### Goal of the exercise
The listing must be copied out in full and exactly; no images go with it.

### Data
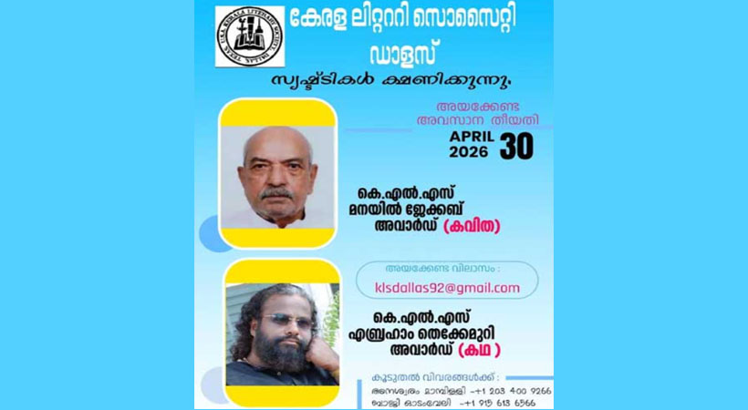 ഡാലസ് : അമേരിക്കയിൽ സർഗ വാസനയുള്ള മലയാളി എഴുത്തുകാരെ പ്രോത്സാഹിപ്പിക്കാനായി 1992 ൽ ഡാലസിൽ ആരംഭിച്ച എഴുത്തുകാരുടെയും സാഹിത്യ ആസ്വാദകരുടെയും സംഘടനയായ കേരള ലിറ്റററി സൊസൈറ്റി പ്രവാസി ഇന്ത്യക്കാർക്കായി ഏർപ്പെടുത്തിയിരിക്കുന്ന പ്രവാസി കഥ – കവിത പുരസ്കാരങ്ങൾക്ക് സൃഷ്ടികൾ ക്ഷണിക്കുന്നു. 25,000 രൂപയും പ്രശസ്തി പത്രവും അടങ്ങുന്നതാണ് രണ്ട് അവാർഡുകളും.
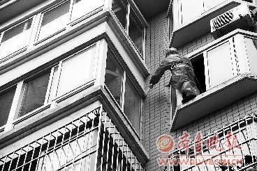 25日上午,家住市直小区的杨女士发现儿子住的房间窗外有个马蜂窝,遂报警求助。当天天气闷热,穿上防蜂服后,消防官兵汗流浃背。由于杨女士家住5楼且没有安装防盗网,消防官兵在身上拴上安全绳,探出窗外一举将蜂窝拿下。
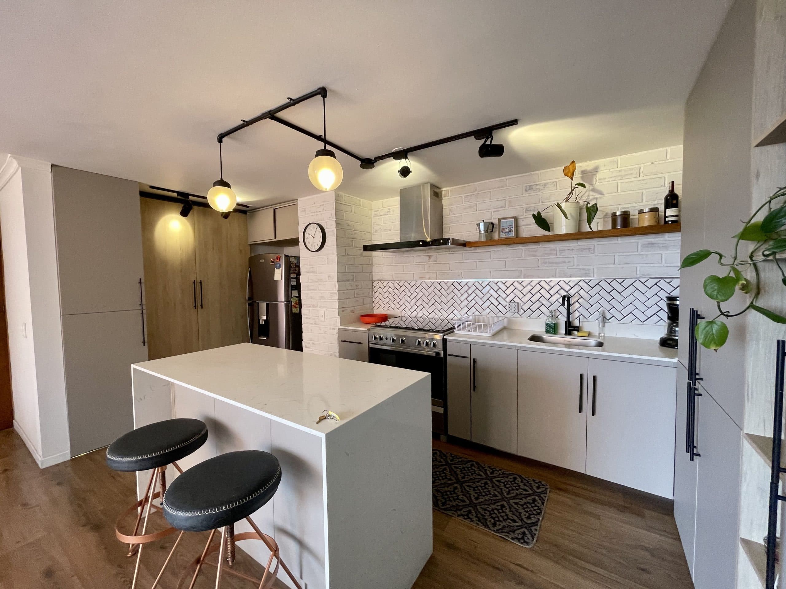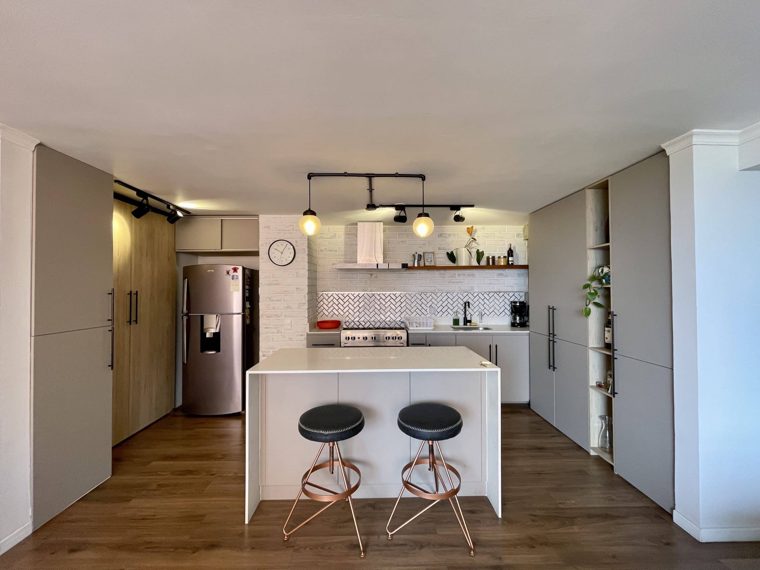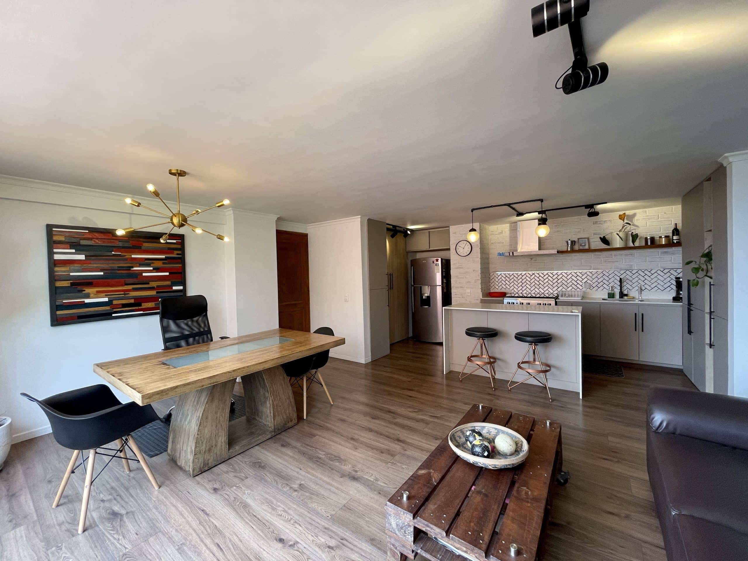 La cocina, los pisos y los baños fueron renovados con materiales modernos; las encimeras de mármol combinadas con detalles en negro aportan un estilo industrial. Sala de estar con vistas a la ciudad

### Written response
 ഡാലസ് : അമേരിക്കയിൽ സർഗ വാസനയുള്ള മലയാളി എഴുത്തുകാരെ പ്രോത്സാഹിപ്പിക്കാനായി 1992 ൽ ഡാലസിൽ ആരംഭിച്ച എഴുത്തുകാരുടെയും സാഹിത്യ ആസ്വാദകരുടെയും സംഘടനയായ കേരള ലിറ്റററി സൊസൈറ്റി പ്രവാസി ഇന്ത്യക്കാർക്കായി ഏർപ്പെടുത്തിയിരിക്കുന്ന പ്രവാസി കഥ – കവിത പുരസ്കാരങ്ങൾക്ക് സൃഷ്ടികൾ ക്ഷണിക്കുന്നു. 25,000 രൂപയും പ്രശസ്തി പത്രവും അടങ്ങുന്നതാണ് രണ്ട് അവാർഡുകളും.
 25日上午,家住市直小区的杨女士发现儿子住的房间窗外有个马蜂窝,遂报警求助。当天天气闷热,穿上防蜂服后,消防官兵汗流浃背。由于杨女士家住5楼且没有安装防盗网,消防官兵在身上拴上安全绳,探出窗外一举将蜂窝拿下。
 La cocina, los pisos y los baños fueron renovados con materiales modernos; las encimeras de mármol combinadas con detalles en negro aportan un estilo industrial. Sala de estar con vistas a la ciudad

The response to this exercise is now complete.